Employers and supervisors
- You must follow the new Worker Heat Protection Standard. This likely includes engineering controls (ventilation, insulation, cooling), work schedule changes, shade, acclimatization for new/returning workers, PPE (cooling vests, heat‑reflective clothing), and paid cool‑down breaks.
- You must create a Heat Stress and Protection Policy and Program, assess heat risks regularly, share assessment results with the health and safety representative/committee, and provide approved training to workers, supervisors, and committee members.
- All training and materials must be in plain language and in English and French (and other languages understood by employees).
Tenants and people in employer‑provided housing
- The provincial plan must include setting a maximum indoor temperature of 26°C for rental units and employer‑provided housing. How and when this is enforced is not detailed in the bill text.
Landlords and housing providers
- The plan includes grants and incentives to help retrofit buildings (for example, heat pumps) to meet the 26°C maximum. Specific amounts are not set in the bill.
Homeowners in higher‑risk flood areas
- Municipal grants and incentives for property‑level flood protection are contemplated. Availability depends on future funding decisions.

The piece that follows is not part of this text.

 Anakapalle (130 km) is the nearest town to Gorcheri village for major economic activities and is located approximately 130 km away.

Farmers and the agri‑food sector
- The plan includes actions on climate‑resilient crops, soil health, on‑farm water storage/irrigation, and support for farmer‑led soil programs. Some items depend on future funding.

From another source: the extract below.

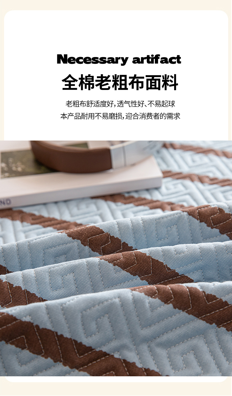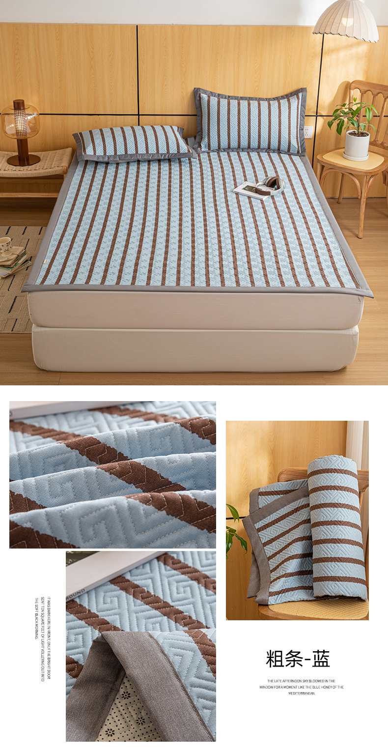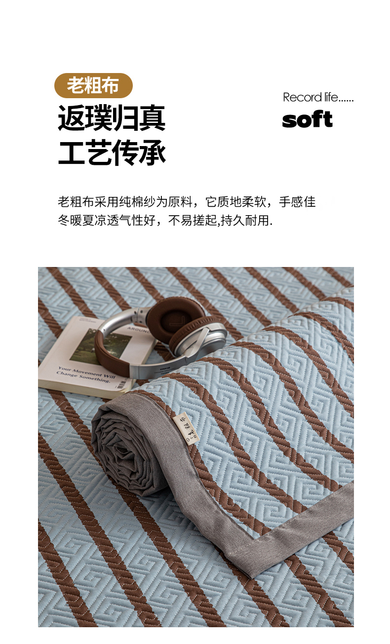 商品名称:女子家纺 2026新款宽边全棉纯棉老粗布绗缝夏季凉席席子 粗条-蓝

- Aims to increase local food production and support smaller producers and local processing.
Critical infrastructure operators (energy, water, transportation, communications)
- You would face new obligations to include and disclose climate risk in planning and operations.

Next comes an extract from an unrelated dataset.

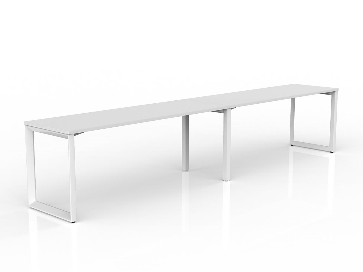The Anvil desking range is a corporate classic featuring a distinctive 50×50mm triangular frame profile that delivers a bold aesthetic as much as a functional workspace. Strong, stable, and modular, each Anvil desk features a fixed height of 730mm with 30mm foot adjustment and is available in a virtually unlimited number of configurations — from straight single workstations through to complex multi-user pod setups. This 2-user single-sided configuration placing two workstations side by side on a shared frame — ideal for paired working or team pods. provides a Single-sided 2-user pod arrangement.

- Infrastructure planning and major repairs must factor in climate scenarios. The Building Code would be updated to strengthen climate resilience.
Students, patients, and families
- The province must assess cooling needs in schools, childcare centres, and hospitals and set targets/strategies to reduce heat loads. This does not itself mandate immediate installations.
Fire services and urban residents
- A new Urban Wildfires Advisory Committee will assess risk and recommend prevention, suppression, recovery, and public education steps. The government must then develop plans and any needed laws, and set cooperation protocols between urban and forest wildfire teams.